After a frenzy of IPO activity in 2021, dealmaking dried up last year. Companies found it hard to raise cash and valuations plummeted, while some deals were pulled altogether. There were some big successes, though, especially in the biotech sector, but these were few and far between.
- There were only 71 direct listings in the US in 2022 versus 397 in 2021
- Energy and healthcare were the only sectors to boast a positive average IPO return last year
- The First Trust US Equity Opportunities ETF offers exposure to several 2022 IPO successes
According to the EY Global IPO Trends 2022 report published 15 December, there were only 1,333 IPOs globally in 2022, declining 45% from the previous year. Those deals raised a combined $179.5bn, a year-over-year decline of 61%.

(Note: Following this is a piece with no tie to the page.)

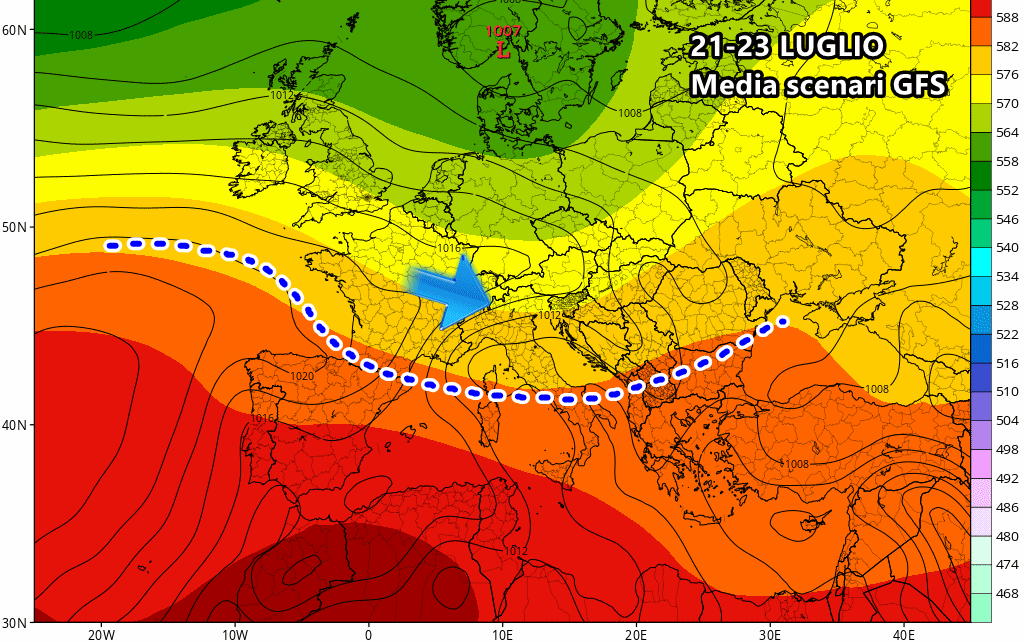Anche la media degli scenari del modello americano GFS concorda con questa ipotetica discesa di aria più gradevole proveniente dal Nord Atlantico, a cominciare dal Nord Italia.

Companies struggled to raise cash and sell shares due to heightened volatility caused by a cocktail of headwinds: the war in Ukraine, the resulting energy crisis, and soaring inflation and interest rates. A poor investing environment for equities in general meant many companies postponed plans to go public.
“Weakened stock markets, valuations and post-IPO performance have further deterred IPO investor sentiment”, commented Paul Go, EY global IPO leader.
Lower valuations have also led to fewer large deals being made. There were only 71 direct listings in the US, down from 397 in 2021, according to Renaissance Capital. These listings raised a combined $7.7bn, but only 16 of them managed to raise more than $100m.
Energy and healthcare outperform tech and industrials
According to Renaissance Capital research, energy and healthcare were the only two themes to see positive IPO gains. The two IPOs in the energy sector averaged a 22.2% return while 20 healthcare IPOs returned an average of 6.8%.
The worst-performing themes were consumer discretionary, industrials and real estate. They all saw negative IPO returns with averages of -57.5% or more. Nineteen tech IPOs averaged a negative return of 47.1%
There were some bright spots, though. These included semiconductor solutions provider Credo [CRDO], whose share price shot up 16.5% on its debut on 26 January, and remains up 7.4% since. Autonomous driving tech company Mobileye [MBLY] spun out of Intel [INTC] on 26 October. The former’s share price is up 15.8% since launching on markets.
Nonetheless, the tech IPO market doesn’t look like it’ll recover anytime soon.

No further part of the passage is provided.